How to Be a Friend to Someone with Cancer

two girls, one with cancerYou’re trying to be supportive to your friend with cancer. But are you? Sometimes, even when we have the best intentions, we may hit a sour note.

The women our team sees every day have gone through tremendous challenges to overcome cancer, and are incredibly inspirational to us all. We often have the opportunity to meet their support systems—the loved ones who have been by their side throughout the journey.

There isn’t a defined guidebook about how to talk to your friend or family member battling cancer.  So we came up with a few things to keep in mind when trying to support your loved one:

Minimalizing

When a friend tells you they have cancer, you may think you’re being helpful by saying, “It could be a worse type of cancer” or “Don’t worry; everything will be fine” or “You don’t even look sick.” Although you’re trying to be helpful and positive, you don’t know how they’re feeling inside. They may be having a really bad day, and these comments may unknowingly make them feel minimized.
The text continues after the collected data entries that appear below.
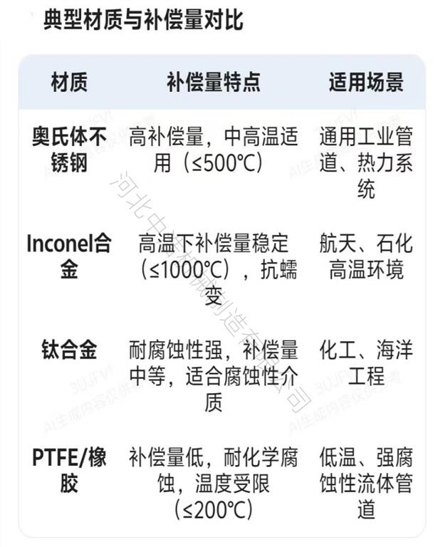 疲劳寿命与循环补偿能力,例如316不锈钢或镍基合金 属于高疲劳强度材质,可承受多次循环变形,长期保持设计补偿量。而普通碳钢属于低疲劳强度材质,易遭受反复变形后开裂,而补偿量逐渐下降。从腐蚀性方面考虑,哈氏合金、钛合金,属于耐腐材质,在腐蚀性环境中,不易劣化,补偿量稳定,而普通304材质在弱酸环境中易腐蚀减薄,从而导致补偿量异常增大造成泄露。从材料厚度方面考虑,薄壁材料补偿量较大,但承压能力较低,一般是用低压系统,而厚壁材料,补偿量较小,但可耐高压。因而在选择时需要综合补偿量与强度关系。在选择时还可参照典型材料与补偿量对照表:
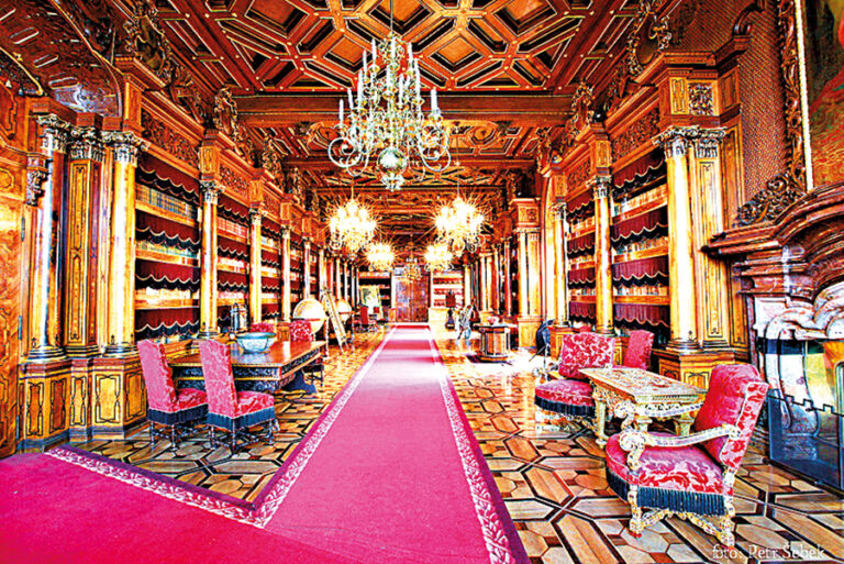 Nádherně zachované interiéry s vyřezávanými stropy, bohatě zdobeným nábytkem a rozsáhlou sbírkou obrazů, zbraní i tapisérií. Prohlídkové trasy vás provedou soukromými apartmány, slavnostními sály i velkou knihovnou. Atmosféra je klidná a elegantní – plná detailů, které potěší oko i duši.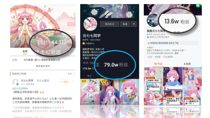 元七七在各主流平台粉丝数快速蹿升,总计已超过百万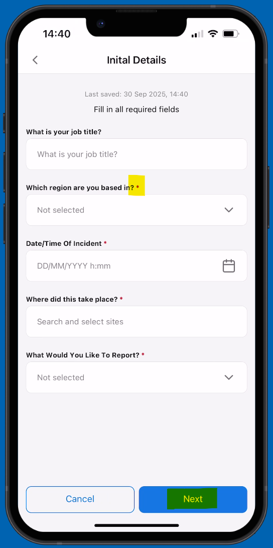 Your organisation may have more than one form available. Select the one that matches what you need to report and fill in the form. Ensure that all the required fields are completed (the required fields are marked with a red asterisk).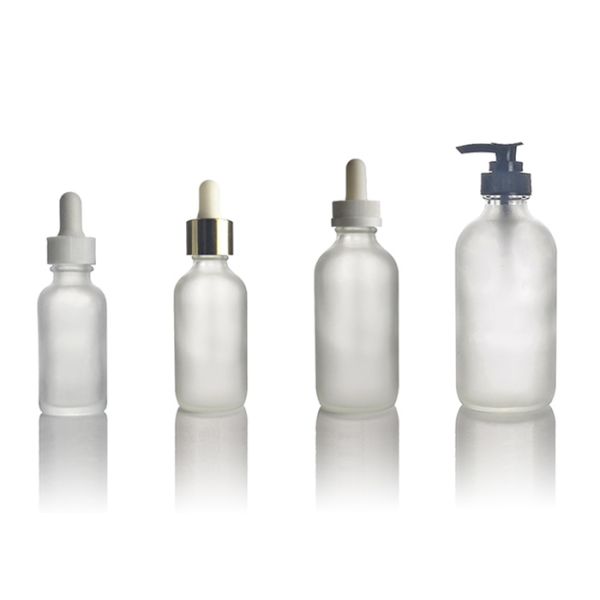 Clear Frosted Glass Boston Round Dropper Bottle 4oz 8oz Cosmetic Bottle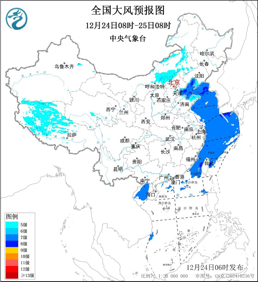 12月25日08时至26日08时,西藏中西部、青海南部、内蒙古中东部、河北北部、辽宁西部和辽东半岛、山东半岛等地有5~6级风,阵风7~8级;渤海、渤海海峡、黄海、东海、台湾海峡、台湾以东洋面、巴士海峡、南海大部海域、北部湾将有7~8级、阵风9~10级的大风,其中,台湾海峡、台湾以东洋面、巴士海峡部分海域风力可达9级、阵风10~11级。

What to do instead: Sometimes, it’s just best to listen. If they’re willing to share their feelings, let them express how they’re feeling.

Offering to Help

Someone dealing with cancer has a TON on his or her plate. They are likely hearing a lot of “Let us know if you need anything at all.”

While intentions to help are good, remember that your loved one might have so much going on that he or she doesn’t know where to begin to ask for help. Or, they may be too embarrassed to ask for help when they need it.

How do you help? Just do it. If you’re at the grocery, give your friend a call and ask what they need or just pick up some essentials. Or if you do ask, get specific. Offer to pick up the kids from school or bring them to their after-school activities. These small generosities can help relieve a lot of stress.

Don’t Bring Up Insecurities

Women often feel their hair and breasts define their femininity. Asking questions such as “Are you going to lose your hair?” might stir up feelings unknowingly. Also, making jokes such as “I wish my insurance paid for a boob job” may not lighten the mood as much as you’d think. They’re fighting cancer. Not getting plastic surgery. 

What to do instead: This isn’t to say you can’t joke around—but maybe let your friend take the lead! And, above all, if you notice your friend is looking spectacular, be sure to mention it.